===== EXCERPTED DATA

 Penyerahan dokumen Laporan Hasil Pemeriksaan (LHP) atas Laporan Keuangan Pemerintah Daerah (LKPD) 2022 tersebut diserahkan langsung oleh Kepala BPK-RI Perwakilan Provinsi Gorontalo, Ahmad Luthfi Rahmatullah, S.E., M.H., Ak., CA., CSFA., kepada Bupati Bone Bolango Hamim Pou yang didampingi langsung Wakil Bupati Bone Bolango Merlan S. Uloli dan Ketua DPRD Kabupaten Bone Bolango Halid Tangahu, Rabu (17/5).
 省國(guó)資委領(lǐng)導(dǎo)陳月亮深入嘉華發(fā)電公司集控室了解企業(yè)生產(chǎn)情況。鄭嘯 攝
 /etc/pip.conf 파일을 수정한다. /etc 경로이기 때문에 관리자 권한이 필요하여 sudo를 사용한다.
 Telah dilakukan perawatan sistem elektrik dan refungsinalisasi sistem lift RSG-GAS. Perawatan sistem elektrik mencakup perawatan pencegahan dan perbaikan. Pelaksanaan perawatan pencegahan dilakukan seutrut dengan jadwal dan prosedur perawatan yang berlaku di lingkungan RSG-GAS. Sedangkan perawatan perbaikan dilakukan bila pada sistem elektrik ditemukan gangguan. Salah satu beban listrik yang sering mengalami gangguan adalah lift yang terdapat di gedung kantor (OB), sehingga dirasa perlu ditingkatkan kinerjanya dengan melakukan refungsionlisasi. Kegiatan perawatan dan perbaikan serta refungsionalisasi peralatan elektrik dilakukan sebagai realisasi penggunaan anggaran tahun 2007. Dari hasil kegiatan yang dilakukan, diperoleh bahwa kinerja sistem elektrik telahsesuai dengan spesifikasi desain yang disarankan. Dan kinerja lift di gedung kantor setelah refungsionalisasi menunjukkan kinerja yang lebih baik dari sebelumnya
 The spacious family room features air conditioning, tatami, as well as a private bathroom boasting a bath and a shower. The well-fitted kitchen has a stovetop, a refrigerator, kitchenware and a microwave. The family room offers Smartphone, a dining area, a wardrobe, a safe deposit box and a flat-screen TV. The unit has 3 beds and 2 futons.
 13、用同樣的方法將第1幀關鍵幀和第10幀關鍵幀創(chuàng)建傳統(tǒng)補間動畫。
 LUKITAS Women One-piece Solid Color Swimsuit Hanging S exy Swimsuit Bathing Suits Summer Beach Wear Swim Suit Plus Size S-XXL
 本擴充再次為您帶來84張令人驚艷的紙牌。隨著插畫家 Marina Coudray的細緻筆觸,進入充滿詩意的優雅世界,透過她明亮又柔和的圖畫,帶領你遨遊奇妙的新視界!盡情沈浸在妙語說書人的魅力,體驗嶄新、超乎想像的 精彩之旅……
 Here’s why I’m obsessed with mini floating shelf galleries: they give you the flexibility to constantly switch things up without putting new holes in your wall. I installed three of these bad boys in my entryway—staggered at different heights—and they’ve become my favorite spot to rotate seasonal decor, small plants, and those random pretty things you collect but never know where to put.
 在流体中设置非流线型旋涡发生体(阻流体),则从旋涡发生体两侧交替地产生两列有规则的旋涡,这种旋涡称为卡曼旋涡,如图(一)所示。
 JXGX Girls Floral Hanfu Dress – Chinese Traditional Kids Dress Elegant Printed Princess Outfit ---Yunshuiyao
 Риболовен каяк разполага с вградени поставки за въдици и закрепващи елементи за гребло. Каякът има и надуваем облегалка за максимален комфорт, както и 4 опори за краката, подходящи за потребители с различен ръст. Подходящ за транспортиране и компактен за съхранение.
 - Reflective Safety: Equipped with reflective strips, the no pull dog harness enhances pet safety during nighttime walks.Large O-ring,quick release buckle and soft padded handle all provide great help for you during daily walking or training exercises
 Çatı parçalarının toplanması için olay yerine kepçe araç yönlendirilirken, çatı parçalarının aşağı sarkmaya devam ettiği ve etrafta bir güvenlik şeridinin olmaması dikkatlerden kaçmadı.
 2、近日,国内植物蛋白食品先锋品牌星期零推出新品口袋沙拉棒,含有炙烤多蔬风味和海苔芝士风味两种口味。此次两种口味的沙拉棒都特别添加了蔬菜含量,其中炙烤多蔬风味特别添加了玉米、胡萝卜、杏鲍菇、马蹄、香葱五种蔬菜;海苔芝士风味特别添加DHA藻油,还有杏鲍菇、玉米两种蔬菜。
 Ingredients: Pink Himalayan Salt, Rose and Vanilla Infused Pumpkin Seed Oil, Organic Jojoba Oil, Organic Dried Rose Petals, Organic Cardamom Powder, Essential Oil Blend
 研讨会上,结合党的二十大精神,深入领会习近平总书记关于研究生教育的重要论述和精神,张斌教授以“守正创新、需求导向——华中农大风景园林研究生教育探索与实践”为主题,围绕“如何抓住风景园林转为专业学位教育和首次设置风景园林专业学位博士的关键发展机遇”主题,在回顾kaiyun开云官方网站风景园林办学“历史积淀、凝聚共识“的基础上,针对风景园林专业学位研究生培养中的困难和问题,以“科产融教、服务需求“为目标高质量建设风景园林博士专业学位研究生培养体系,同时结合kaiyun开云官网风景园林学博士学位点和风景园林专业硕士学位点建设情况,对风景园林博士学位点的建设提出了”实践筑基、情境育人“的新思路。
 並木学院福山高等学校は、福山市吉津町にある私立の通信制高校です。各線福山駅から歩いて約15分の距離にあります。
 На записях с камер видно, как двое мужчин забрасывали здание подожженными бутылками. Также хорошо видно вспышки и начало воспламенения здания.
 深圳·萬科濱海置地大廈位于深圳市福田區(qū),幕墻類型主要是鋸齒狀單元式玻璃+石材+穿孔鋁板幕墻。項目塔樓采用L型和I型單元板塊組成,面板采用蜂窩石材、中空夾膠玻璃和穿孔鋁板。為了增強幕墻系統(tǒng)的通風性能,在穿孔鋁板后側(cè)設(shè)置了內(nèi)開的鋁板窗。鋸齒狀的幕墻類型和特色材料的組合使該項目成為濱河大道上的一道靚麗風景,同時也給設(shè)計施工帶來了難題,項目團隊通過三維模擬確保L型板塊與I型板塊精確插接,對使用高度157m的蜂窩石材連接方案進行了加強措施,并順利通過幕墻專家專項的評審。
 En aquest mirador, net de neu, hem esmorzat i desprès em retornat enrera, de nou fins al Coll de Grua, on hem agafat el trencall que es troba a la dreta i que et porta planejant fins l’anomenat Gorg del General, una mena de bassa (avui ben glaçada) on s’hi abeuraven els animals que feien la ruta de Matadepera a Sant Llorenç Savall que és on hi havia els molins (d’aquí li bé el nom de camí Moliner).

==========

EXERCISE INSTRUCTIONS
Quote the records above from their first line through the line containing "필요하여 sudo를 사용한다.", both ends included.

EXERCISE SOLUTION
 Penyerahan dokumen Laporan Hasil Pemeriksaan (LHP) atas Laporan Keuangan Pemerintah Daerah (LKPD) 2022 tersebut diserahkan langsung oleh Kepala BPK-RI Perwakilan Provinsi Gorontalo, Ahmad Luthfi Rahmatullah, S.E., M.H., Ak., CA., CSFA., kepada Bupati Bone Bolango Hamim Pou yang didampingi langsung Wakil Bupati Bone Bolango Merlan S. Uloli dan Ketua DPRD Kabupaten Bone Bolango Halid Tangahu, Rabu (17/5).
 省國(guó)資委領(lǐng)導(dǎo)陳月亮深入嘉華發(fā)電公司集控室了解企業(yè)生產(chǎn)情況。鄭嘯 攝
 /etc/pip.conf 파일을 수정한다. /etc 경로이기 때문에 관리자 권한이 필요하여 sudo를 사용한다.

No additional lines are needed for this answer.